Reading these objectives today seems a trivial exercise but back in 1901 Discovery was about to sail for uncharted waters with little or no information of what might be found there. Luckily, long before that year, the world was no longer considered to be flat, so the only certainty that existed among those on board regarding their destination was that they were unlikely to sail over the edge and be lost forever. 

The beginning of June 1901 found the ship in East India Dock in London where final preparations and loading for the epic voyage were completed. At the end of July she sailed from London to spend a short time berthed at Cowes on the Isle of Wight during the highlight yachting meeting of the year, Cowes Week. \the importance of the Expedition was underlined when King Edward VII and Queen Alexandra visited the Discovery on the 5th of August 1901, a moment recorded by the Illustrated London News by the following photograph:



The day after the King's visit, 6th August 1901, Discovery set sail extremely heavily loaded with every last ounce of stores that could be carried. The route Scott planned to follow to Antarctica took Discovery first to Cape Town in South Africa, onwards to New Zealand before arriving in Antarctica in the Ross Sea at the beginning of the summer of 1902, in order to have a full season there after penetrating the ice pack from the North.

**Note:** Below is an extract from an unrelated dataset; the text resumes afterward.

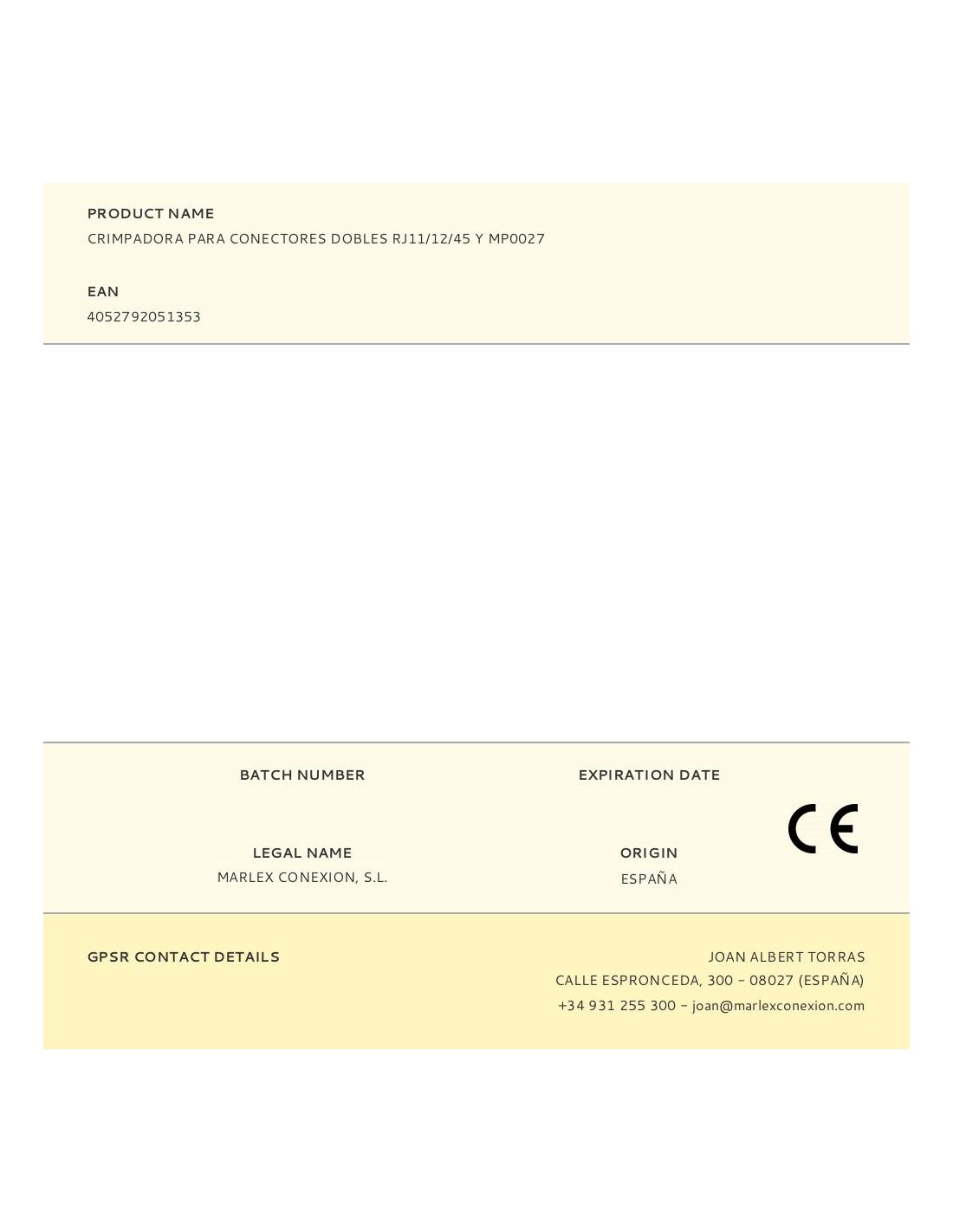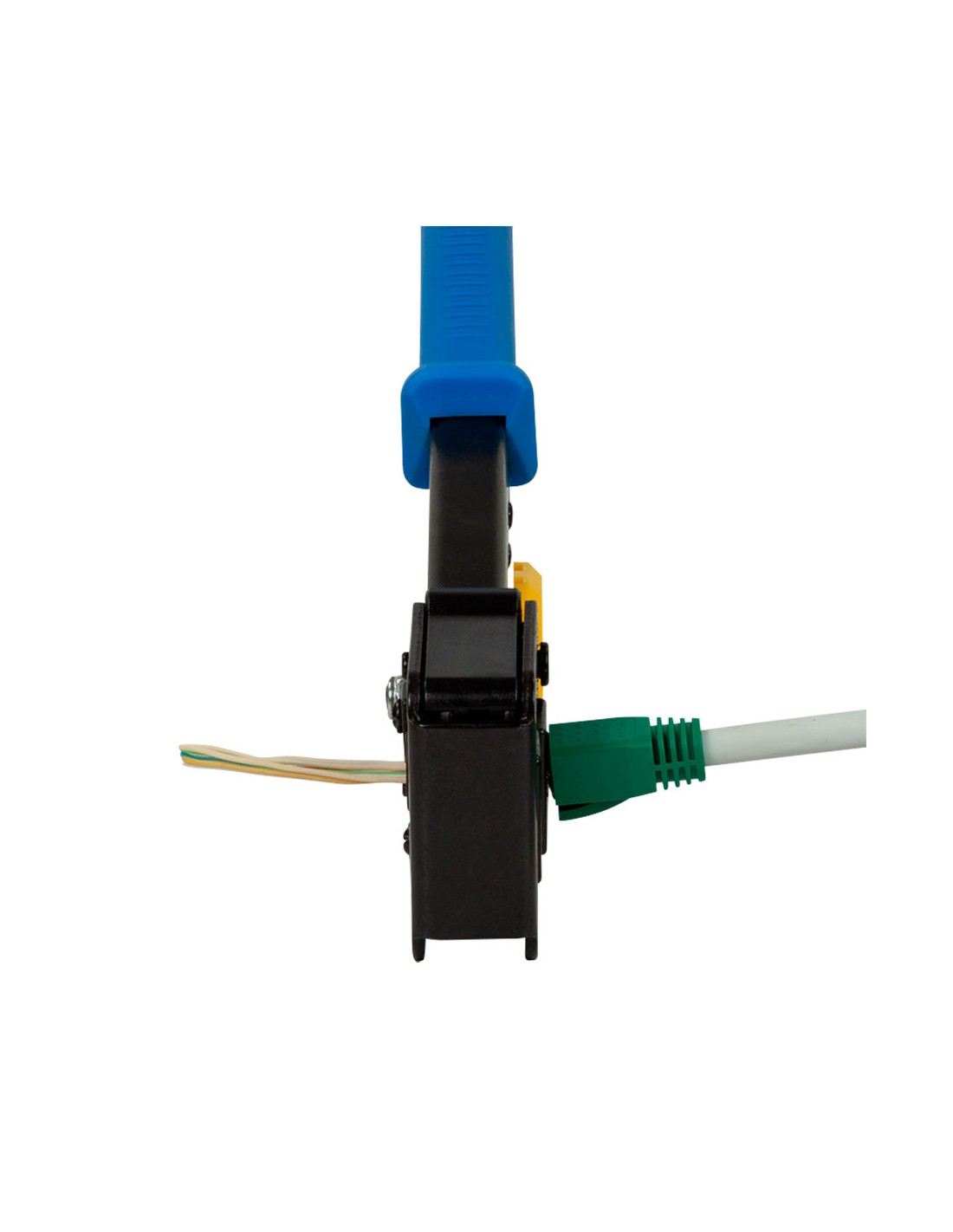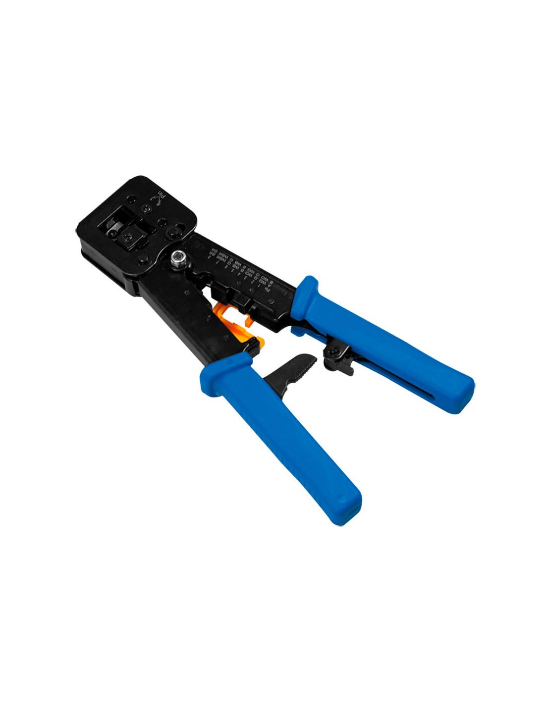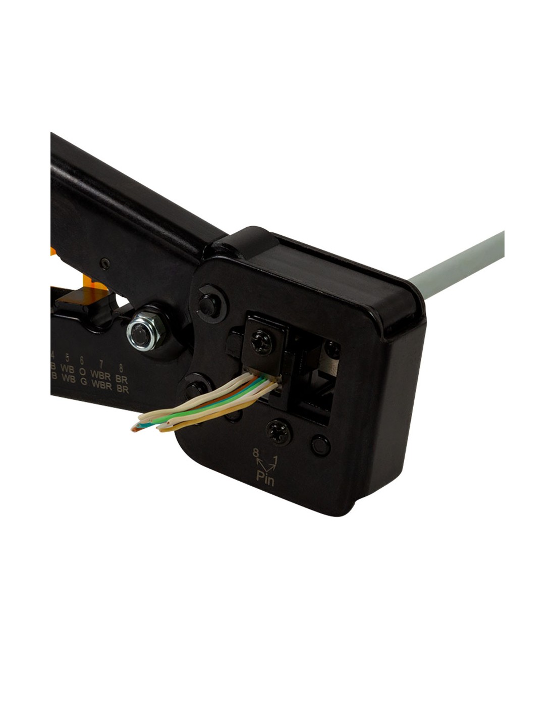 Crimpadora para conectores modulares dobles 8p /6p + ez. crimpea conectores rj-11, rj-12, rj-45 y mp0027 con trinquete para movimiento recto cortador y pelacables integrados marco de acero con empuñadura de goma termina cables cat5e y cat6
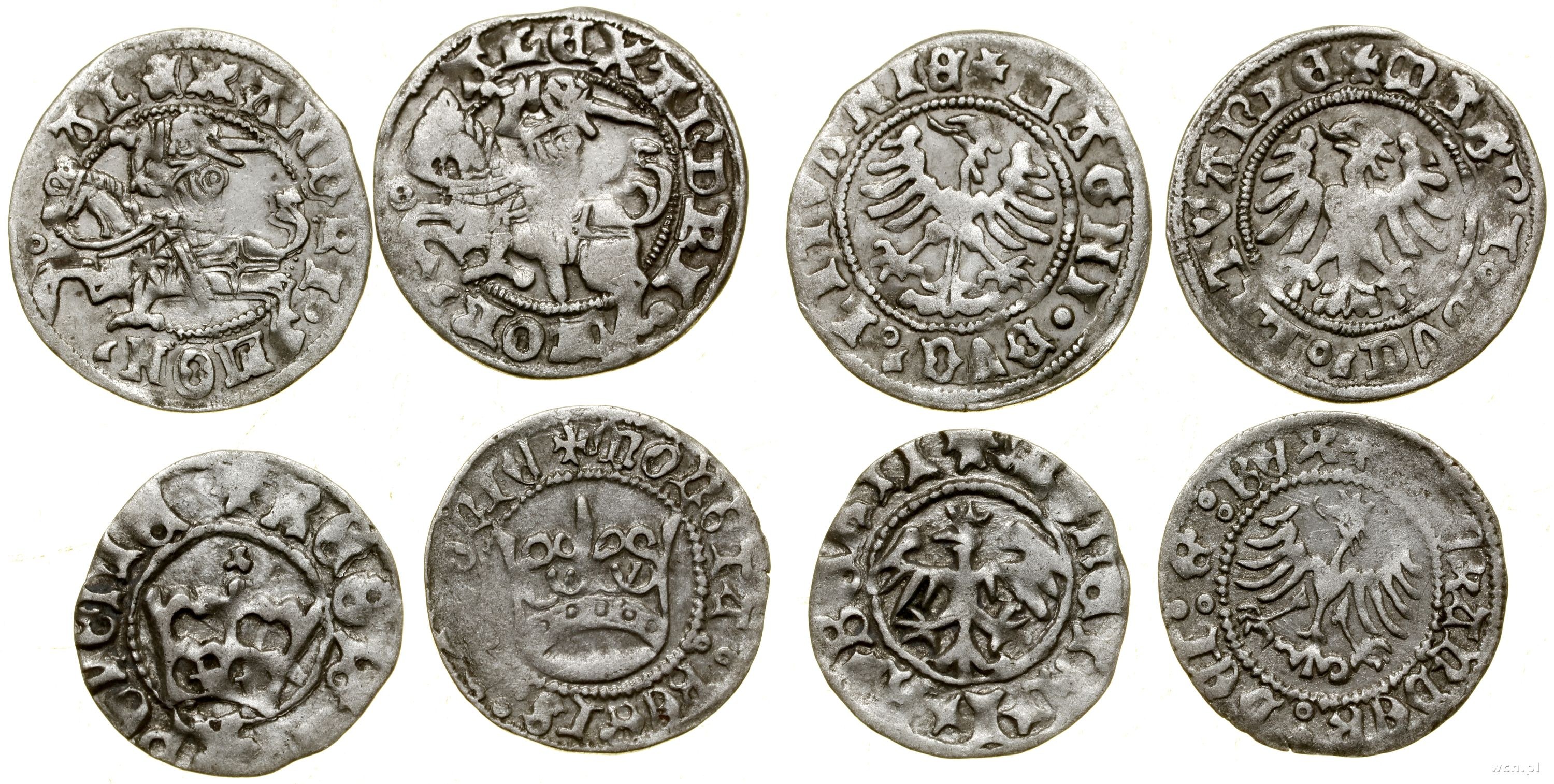 1) półgrosz bez daty Kraków (Jan Olbracht) 2) półgrosz bez daty Kraków (Aleksander Jagiellończyk 3) 2 x półgrosz bez daty Wilno (Aleksander Jagiellończyk

On her voyage South from Cowes she anchored off Funchal, Madeira, for a short spell to send mail and take on some fresh produce. Scott felt a little concerned at the slow progress she was making but in her fully loaded state her engines had stood up very well to those first 33 days at sea in the Atlantic Ocean. Discovery arrived at Cape Town on the 3rd of October 1901, replenished her coal and other necessary supplies before departing for Lyttelton in New Zealand on the 27th of October. She reached that port on the 29th of November 1901 after having endured a succession of gales and very heavy seas that tested her seaworthiness to the utmost. The stresses on her heavily laden hull as she pitched, tossed and rolled in the extreme conditions would have set up a continuous complaint by the ship's wooden structure in the form of loud creaks and groans as the timbers were forced to fight off the forces of the wind and sea. Living conditions would have stretched human endurance, hammocks slung from the beams would have taken the sleeping occupant through an angle of more than 60 degrees at times as the ship rolled greater than 30 degrees on either side of upright. Because of the way she was loaded the rolling cycle would have been quick, taking her from 30 degrees on one side to 30 degrees on the other in less than 20 seconds. Imagine the pendulum of a great clock, ticking away, day after day, night after night; that was how the Discovery behaved except, rather than it being regular, it would have been punctuated by the violent climbing up a wave only to come crashing down its other side.

Spare a thought for the cook in these conditions, because the crew needed food to provide the body with the strength and energy to cope with the rigours of sailing in such wild and turbulent waters. Somehow food was always available at the appointed times and the heroics of the cook remained unmentioned. Those were hard times and they were hard men.
'The Roaring Forties', as that line of latitude is known, constantly lives up to its name and along its line lies many a valiant sailing ship, miles down on the seabed, struck down by the wrath of the waters above.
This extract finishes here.